Risanamento umidità, riqualificazione energetica e ripristino strutturale di edificio residenziale
L’antico edificio presentava una forte umidità ascendente e salnitrazione, cause di un evidente deterioramento strutturale. Essendo l’edificio stesso di pregio, andava assolutamente recuperato senza alcun intervento di demolizione. La struttura, realizzata con laterizi a bassa valenza termica e spessore limitato (25 cm), non presentava coefficienti di isolamento adeguati agli standard previsti dalle normative vigenti (d.P.R. 59/2009).
Descrizione intervento
L’intervento ha interessato la totalità delle pareti perimetrali dell’edificio residenziale. La muratura, composta da laterizio forato tradizionale da 25 cm, intonacato su ambo i lati con intonaco tradizionale, mostrava umidità di risalita capillare su tutto il perimetro, con evidenti fenomeni di salnitrazione e conseguente distacco dell’intonaco dal supporto sottostante. Oltre la risoluzione del problema dell’umidità, la committenza richiedeva un intervento di riqualificazione strutturale, resosi assolutamente necessario a causa delle pessime condizioni del supporto.
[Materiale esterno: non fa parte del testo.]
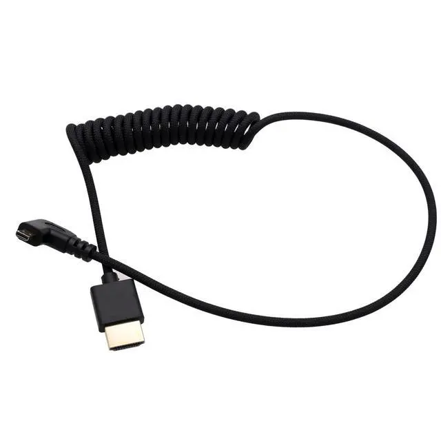 We make custom cables8K 4K 60p micro HDMI to full-size HDMI spiral cable for camera to field monitor recorder. [Features] Lossless and stable signal transmission with HDR, 3D, audio, video, Ethernet. 3-layer aluminum foil braid shielding wire protects against EMI/RFI interference. Conductor is tinned copper. Gold-plated corrosion-resistant connector.

Infine, preso atto della possibilità di accedere agli sgravi fiscali del 55% previsti da d.P.R. 59/2009, la committenza ha richiesto che l’intervento sopra descritto avesse anche un’importante valenza termica così da rendere possibile la riqualificazione energetica dell’edifico e quindi il raggiungimento dei parametri richiesti dalla normativa.
La soluzione tecnica
Un tale intervento di riqualificazione energetica non può mai prescindere da un’idonea opera di risanamento. Per questo si è subito esclusa un’applicazione con pannelli in fibre minerali o naturali, in quanto soggetti all’assorbimento di umidità anche se altamente traspiranti. Allo stesso modo sono stati scartati i pannelli a base di polistireni o poliuretani che pur non subendo degenerazioni a contatto con l’umidità e non avendo elevati coefficienti di assorbimento, non presentano comunque sufficienti livelli di traspirabilità e quindi non avrebbero assolto adeguatamente alla funzione di deumidificazione, in questo caso fondamentale. Alla luce di queste premesse, l'unico sistema con caratteristiche adeguate alla soluzione richiesta era il sistema termo-deumidificante DiaSen, che prevede un rinzaffo e una barriera anti-salina che blocca i sali all’interno del muro lasciando fuoriuscire l’umidità, assorbita poi dall’intonaco di sughero Diathonite che, avendo come coefficiente di permeabilità al vapore acqueo della calce idraulica naturale μ = 5 e un’ottima conducibilità termica (Lambda =0,045 WmK, simile a quella di un pannello) riesce a smaltire circa 1,0 litro d'acqua al m² ogni ora, deumidificando così la parete e garantendo ottimi parametri di isolamento termico.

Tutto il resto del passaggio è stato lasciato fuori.